Если бы он знал мой язык, он обязательно ответил бы мне на испанском, смекнула Пенелопа. А как мне с ним общаться? Он не знает моего родного языка, а я не понимаю по-английски. Да и зачем? Что-то изменилось бы? Стали бы мы ближе? Конечно нет. Наверное, оно и к лучшему, хотя мне так хочется рассказать ему, что он заставляет меня о нем думать каждую минуту. Что я презираю его как богача, но боготворю как мужчину. Что эти два чувства мешают мне, так как ежесекундно ведут борьбу внутри меня.

Пенелопа подняла глаза и посмотрела на Джеймса.

Ах, слова, слова... — Девушка задумалась. Нет ничего лживей слов! А глаза? Глаза говорят только правду, так же как и сердце. Что же говорят твои глаза, Джеймс? Зеленые... как магнитики... хочется смотреть в них и смотреть...

— Ты не говоришь по-английски? - спросил он.

Пенелопа не стала ему отвечать.

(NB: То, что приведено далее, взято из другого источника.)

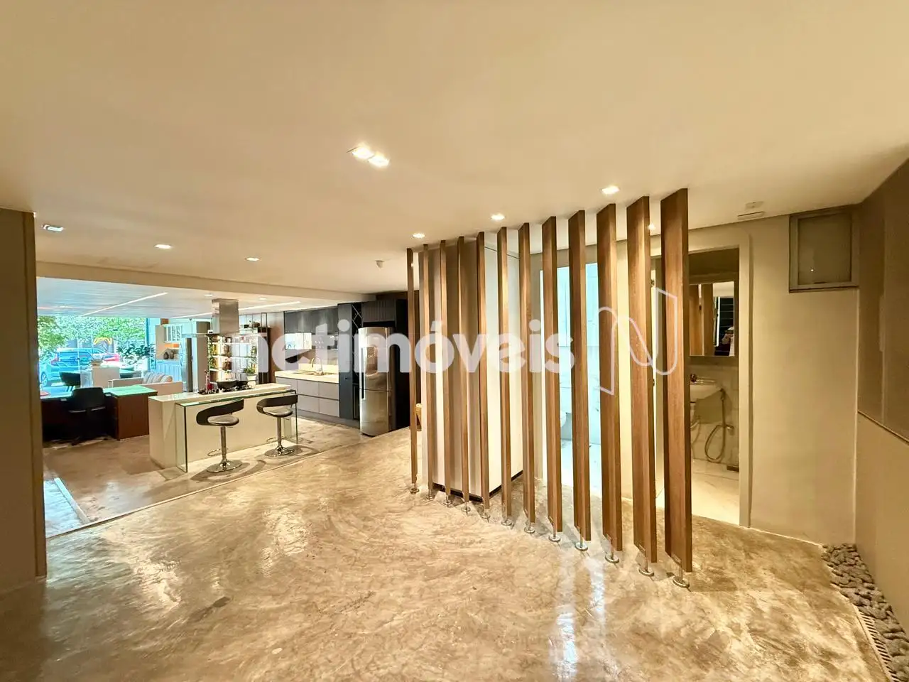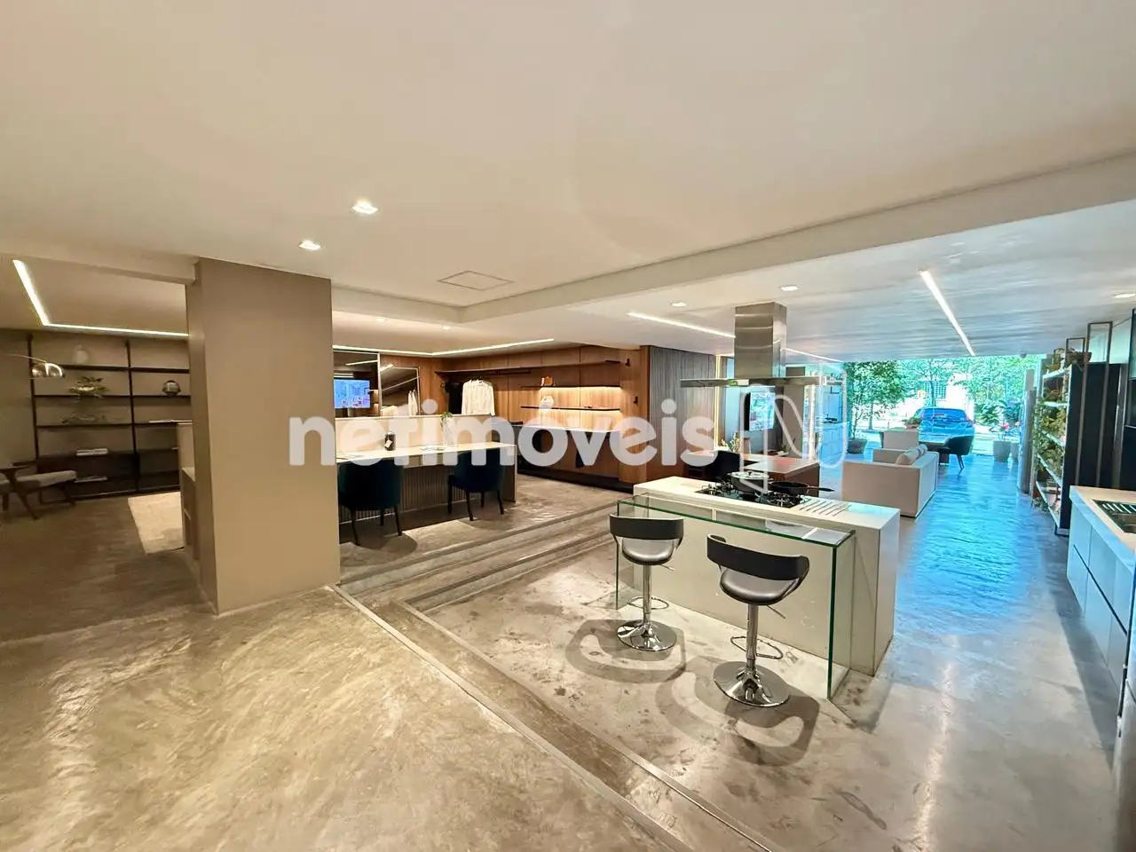 Piso no salão principal em cimento queimado, 02 banheiros, pequena copa;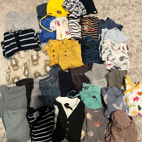 Myydään pakettina Ralph Lauren veluuritakki ja kauluspaita, Hugo Bossin trikoopaita ja kahdet chinohousut (siniset H&M ja harmaat Mayoral). Housuissa säädettävät vyötäröt. Kaikki hyvässä käytetyssä kunnossa, ja pesty hajusteettomasti.

Она поняла, что настало время идти в каюту, что разговор (хотя эта сценка больше походила на отдельные монологи двух героев, стоящих рядом на сцене), может сыграть с ней злую шутку. Нет, Пенелопа не волновалась, что их может увидеть Ванесса, девушке было все равно. Пенелопа боялась, что с каждым сказанным Джеймсом словом, с каждым случайным прикосновением руки, с каждой встречей взглядов ей будет все труднее забыть этого мужчину. Ведь неделя — это всего семь коротких дней, которые утекут, как сквозь пальцы вода. Зачем добровольно делать себе больно, страдать, менять настоящее на мгновение встречи с мечтой? Это невозможно! Быть Пенелопе с Джеймсом — невозможно... никогда... только лишь в снах.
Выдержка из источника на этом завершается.